Population and demographic history of the Arabian gray mangrove
Demographic models were compared under fastSIMCOAL2. In the Red Sea, the model with the greatest likelihood score (ΔAIC = 318, Fig. 4; Table S4, Supporting Information) revealed a single cladogenetic event for the three analyzed populations under an isolation with migration scenario, and a splitting time dating back to 99,200 years (95% CI = [40,062 – 295,152]), consistent with a process of rapid, simultaneous lineage differentiation. Gene exchange among lineages was particularly high from Al Kharrar in the central Red Sea towards Farasan Banks 2 towards the southern entrance (MIG Al Kharrar → FB2 = 60, 95% CI = [13 – 109] migrants per generation). For the remaining migration bands, 95% confidence intervals varied by orders of magnitude and included values near to zero, revealing little impact of these parameters in the SFS (Fig. 4; Table S5, Supporting Information). In the case of the PAG plus the Sea of Oman, the model that best fitted our data (ΔAIC = 1,615, Fig. 4; Table S4, Supporting Information) also revealed a scenario of simultaneous cladogenesis in isolation with migration dating back 37,760 years (95% CI = [18,950-161,565]), prior to the last glacial maximum. Signs of some gene flow were detected among PAG lineages. While narrower than in the Red Sea estimates, the ranges also included values near to zero in most cases, reducing the certainty in the model (Fig. 4; Table S5, Supporting Information). In the analysis with representatives of each biogeographic region of the Arabian Peninsula, the highest likelihood corresponded once again to the model including migration (ΔAIC = 1,067, Fig. 4; Table S4, Supporting Information), and revealed splitting times of 70,180 years (95% CI = [14,074-161,976]) and 153,140 years (95% CI = [90,714-416,863]) (Fig. 4; Table S5, Supporting Information).
Phylogenetic relationships recovered with TreeMix were consistent with the maximum likelihood tree generated with IQ-TREE. A tree model with ten migration events explained up to 99.8% of the SNP variance, revealing signs of both historical and contemporary gene flow among mangrove populations. Two recovered bands of ancestral migration between the outgroup lineage of Brisbane and the northern populations of both the Red Sea and the PAG seemed highly unlikely, so that these results should be interpreted with caution (Fig. 5).

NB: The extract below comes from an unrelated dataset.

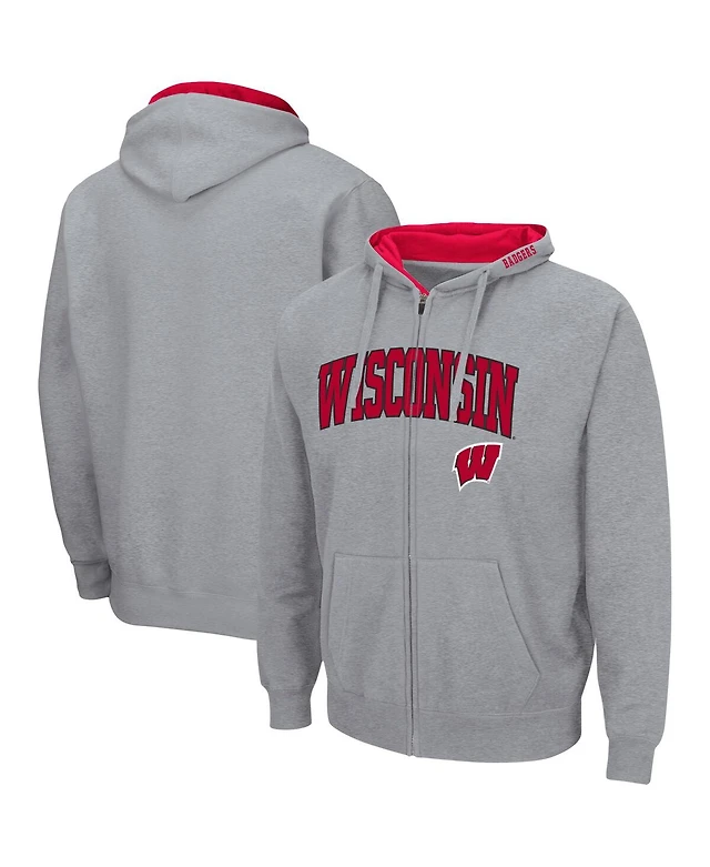 Men's Colosseum Heathered Gray Wisconsin Badgers Arch and Logo 3.0 Full-Zip Hoodie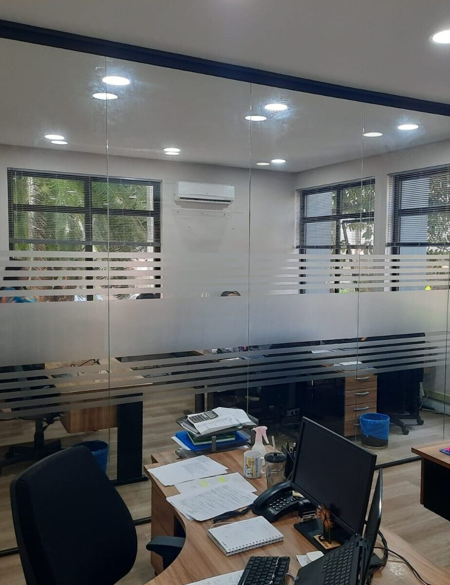 Valorize a estética e a eficiência energética de sua empresa. Películas ideais para controle solar, privacidade e identidade visual em ambientes comerciais.

Candidate genes and environmental adaptation patterns in Arabian gray mangroves
Environmental predictors explained 33.2% of the total genetic variance in the simple RDA (Adjusted R2 = 0.332, p-value < 0.01). The scores of the simple RDA revealed distinct association patterns among biogeographic regions. Red Sea mangroves showed high, negative loading values on RDA axis (RD) 1, while the remaining populations correlated positively with this axis, and heavily in the case of the Sea of Oman and PAG southern basin. In contrast, the Arabian Sea populations showed high negative association values with RD2, while Red Sea and PAG mangroves showed positive association scores along this axis, yet the former with much lower correlation values. In the pRDA, environmental variables explained 6.4%of the total genetic variance after controlling for population structure (Adjusted R2 = 0.064, p-value < 0.01). Scores revealed a more scattered pattern of variation among and within biogeographic regions, where populations from northern PAG showed high positive correlation with pRD1, while populations of the southern PAG and Arabian Sea, as well as from Central Red Sea, showed more limited, negative loading values. In the case of the pRD2, highest loading values corresponded to Qurm, with a positive correlation, and to Ras Ghurab and Suweihat, that correlated negatively (Table S6, Supporting Information).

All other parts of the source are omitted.